There was an awkward Silence to hear the rapid breathing and tired of sempai, talked too much, I Spit all those truths; and My Little Breathing Crying, looking at the floor. My Hair covered My Eyes and could only see the sempai drops of Tears falling down my face. The Tension was big, neither dared to say anything for a moment;However, I could not endure this Pain and this situation...

... - I like my parents very hurt and sempai Speechless, because I Don't talk about my family just worrying about the image made by appearances, for what people say... No matter which could be Hurting someone... Like You, Souichi Tatsumi!

- - that's not true.I'm not like them -

- clear that yes you are.
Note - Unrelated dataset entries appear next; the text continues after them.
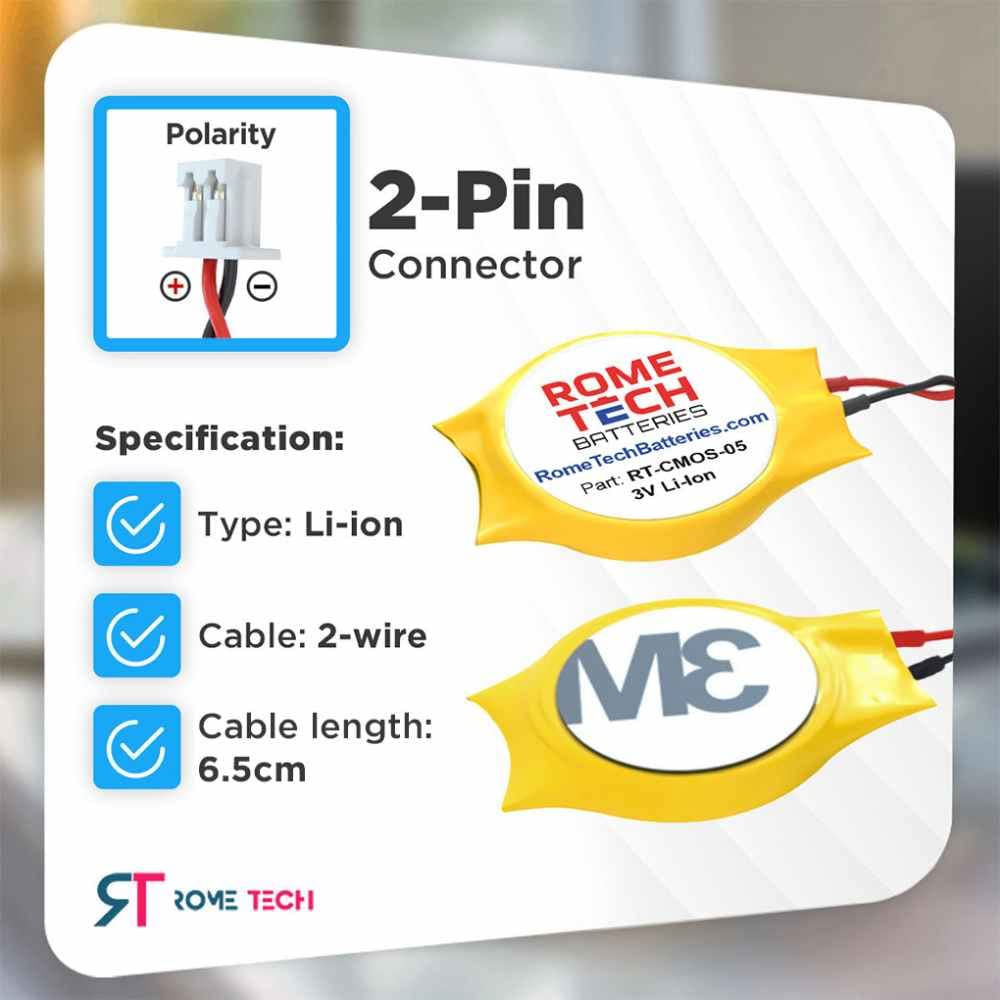 Rome Tech Bios Cmos Battery Best Suits To Replace Your Broken Or Non-Working Old Battery - We Provide Premium Quality Only | Cr2032 Laptop Battery Compatible With Dell Precision M20 / Dell Precision M2300 / Dell Precision M4800 / Dell Studio 1435 / Dell Vostro 1710 / Dell Vostro 7590 | Enjoy Extended Reliability Of The Rtc Battery And Heat Shrink Of A High Caliber - The Cmos Laptop Battery Will Last You For A Long Time | The Size Of The Cmos Battery Is Extremely Small - Will Fit In Almost Any Electronic Device Requires 3V Battery Connector With 2 Pins And 2 Wires | Quick And Simple Battery Installation Takes Only 10 Minutes Of Your Time. Try Our Customer Service For Resolving Any Issues During Battery Replacement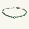 Bracciale realizzato con crisoprasio sfaccettato da 3 mm, alternato a sfere Heishi placcate argento che conferiscono un tocco raffinato e moderno. Al centro spicca un cuore di ematite da 8x8 mm, simbolo di eleganza e romanticismo. La struttura del bracciale è in acciaio inox resistente, con una lunghezza regolabile da 15 cm a 19 cm, per una vestibilità perfetta. Un accessorio delicato e versatile, ideale per valorizzare ogni stile con classe.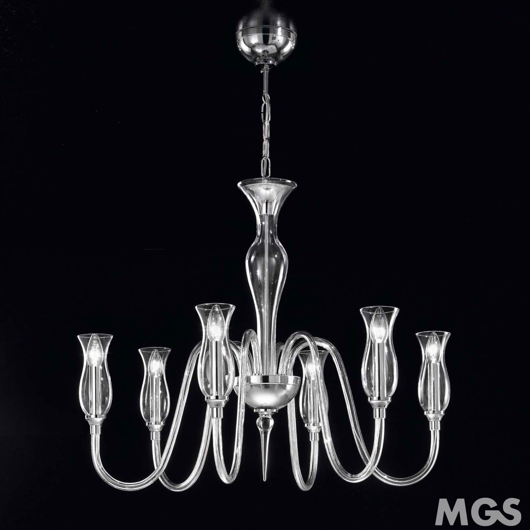 Los componentes, completamente realizados en vidrio soplado en una amplia gama de tonos, presentan una superficie lisa que enfatiza las transparencias y los juegos de luz vibrantes.

You cared that much about what people might think of you or told you about your sexuality and so decided to marry the first woman who interesÓ in you to have a New Image - breathed deeply my parents kicked me out of his life, to send me to study far away; and you throwing me out of your life Marry another Person

- i'm not doing... You're the one that I want to go! -
- and what do you want, Souichi. I feel like I have to wait and see the "Yes I do" The Idiots in the altar? - Don't insult -



Oh... - Please, Don't defend me - i interrupted with great anger, Hate gay people, then why are you with me so far? ... Because, according to you, I'm Worth or special...No, I'm not sempai, Special. If it is special for you, I would do all this -

sempai Speechless, then realized I was right about his way of thinking that my parents and Refuge for saying "I am Special" worthless before Marriage you will Conceive with Yuki; and it was also right that I better go Nagoya.